Exactly. Roughly 90% of American workers work for wages. That means they generally have access to health insurance through their employer. While the quality of that insurance obviously varies, for the most part it's good enough.
Not only that, but some of his numbers are suspect. The author gives a number of $32k/yr for two kids, or roughly $1333 per month per child. He gives no indication of how he arrived at that number.
A quick google search indicates that the average monthly daycare cost for an infant is $1282/mo, which is lower than his but still reasonably close. However, daycare for a toddler, typically defined as a 1-3 year old, drops to $1200/month, and it drops down to $800/mo for a 4 year old.

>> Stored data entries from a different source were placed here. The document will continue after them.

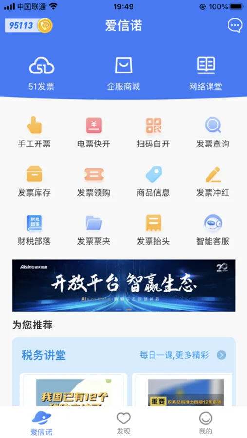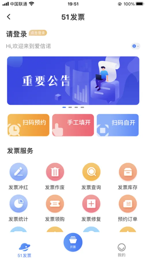 基于航天信息51云开票平台的移动开票软件,支持增值税普通电子发票和卷票的开具、冲红和作废功能,支持账户管理和商品管理的云储存,支持发票条件查询和月度统计查询。满足当代社会移动便捷的生活习惯,方便了纳税人的开票流程。
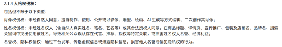 值得注意的是,在“人格权侵权”条款下,写入了“AI生成”等表述,明确若未经自然人同意,擅自制作、使用、公开或以影像、雕塑、绘画、AI生成等方式编辑、二次创作其肖像,均属侵权。
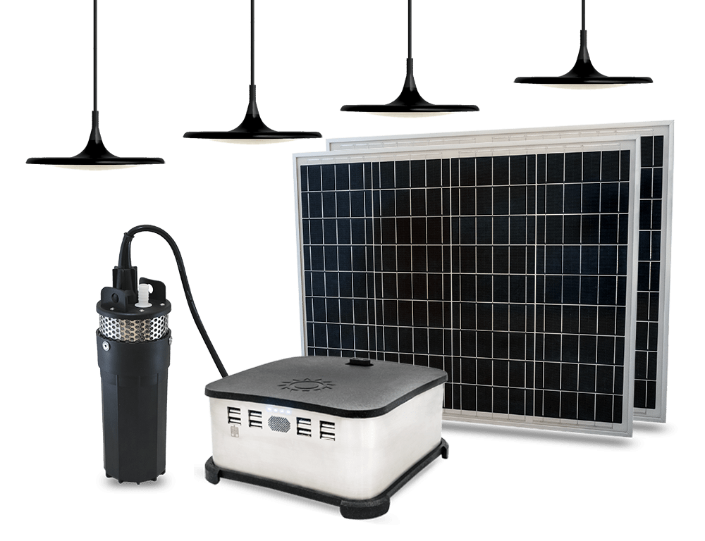 Ce kit vous permet de fournir de l’eau pour les petits élevages de volaille et l’irrigation des champs. Des pompes personnalisées plus grandes peuvent également être installées sur le système à l’aide de convertisseurs DC/DC ou d’onduleurs. Les clients bénéficient d’un éclairage supplémentaire, d’une recharge téléphonique et bien plus encore.
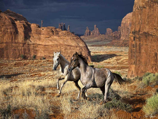 Blazing Herd II White Modern Wood Framed Art Print with Double Matting by Drost, David
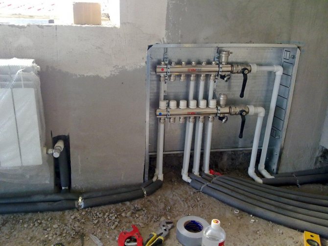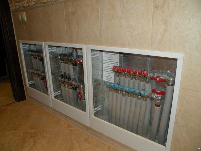 В сравнение с „направи си сам“ тръбопроводите, колекторното окабеляване е много по-ефективно и практично и изглежда много естетически приятно в специален шкаф. Шкафът за колектор за отопление може да побере както метър, така и електрическо оборудване.
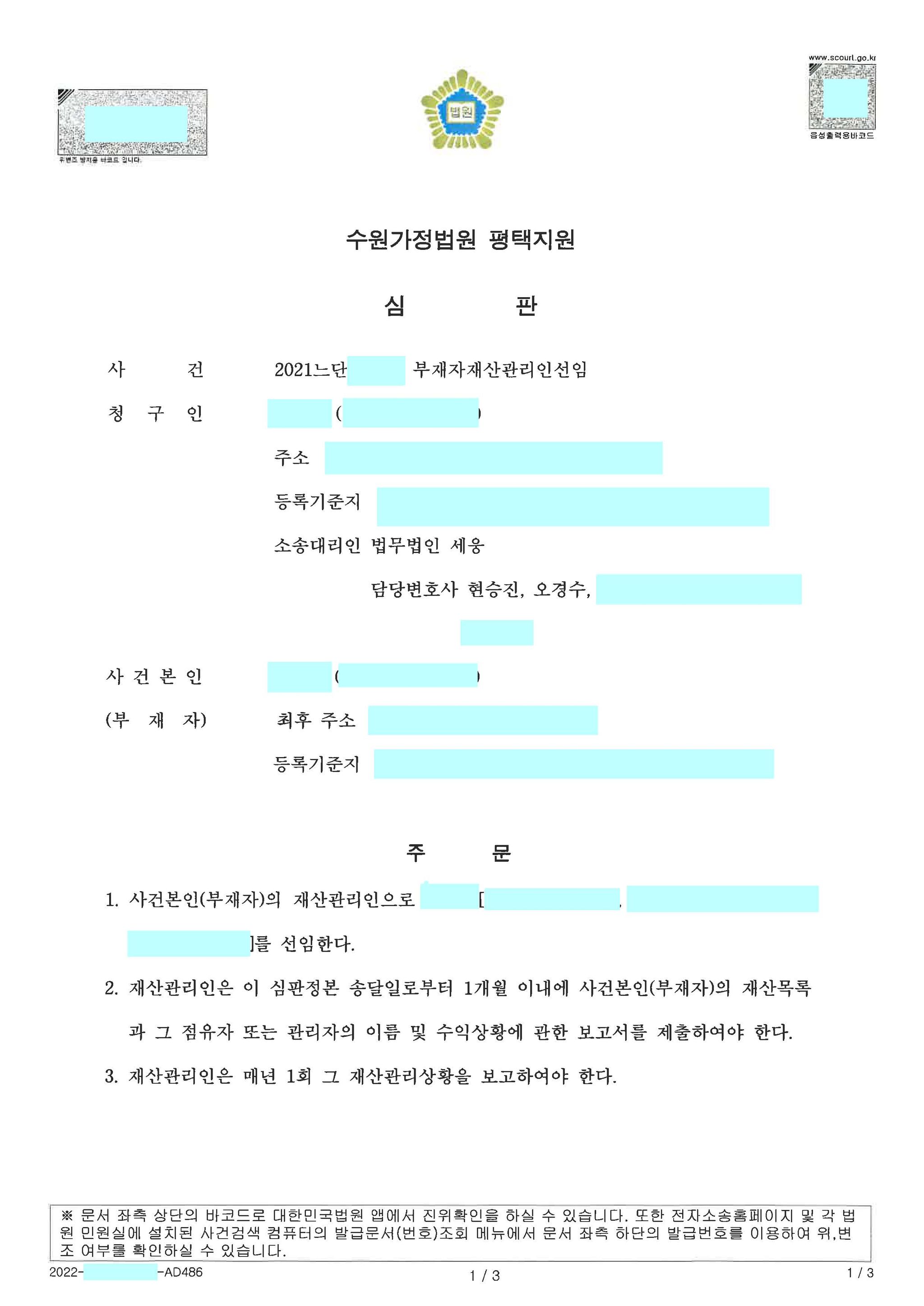 그리하여 청구인은 사촌형제를 사건본인의 부재자재산관리인으로 선임해 줄 것을 청구하고 부재자재산관리인이 선임되면 법원의 허가를 받아 사건본인의 재산을 분배하려고 한 사안입니다.

A reasonable 2 year separation between children would mean the costs would be about $29,784 the first year, assuming a newborn and a 2 year old. The 2nd year (1 year old and 3 year old) would be $28800 and the third year (2 and 4) would be $24000. By the fourth year, cost would drop dramatically as the older child is now in school and no longer needs all day daycare, and the youngest child would be 4 years old and costs would be about $9600/year. By the fifth year, child care costs would be negligible relatively speaking. All the while, the family income continues to increase.
“Entire?” It really isn't. And let's not forget that women now aged 80 are the ones that entered the mainstream workforce back in the 1960s, meaning that neither mom nor grandmom is available for childcare, because they are still working to pay off that mortgage before retiring—and great-grandmom (the 80-year-old) may only be marginally capable of running after toddlers. We have become Sovietized.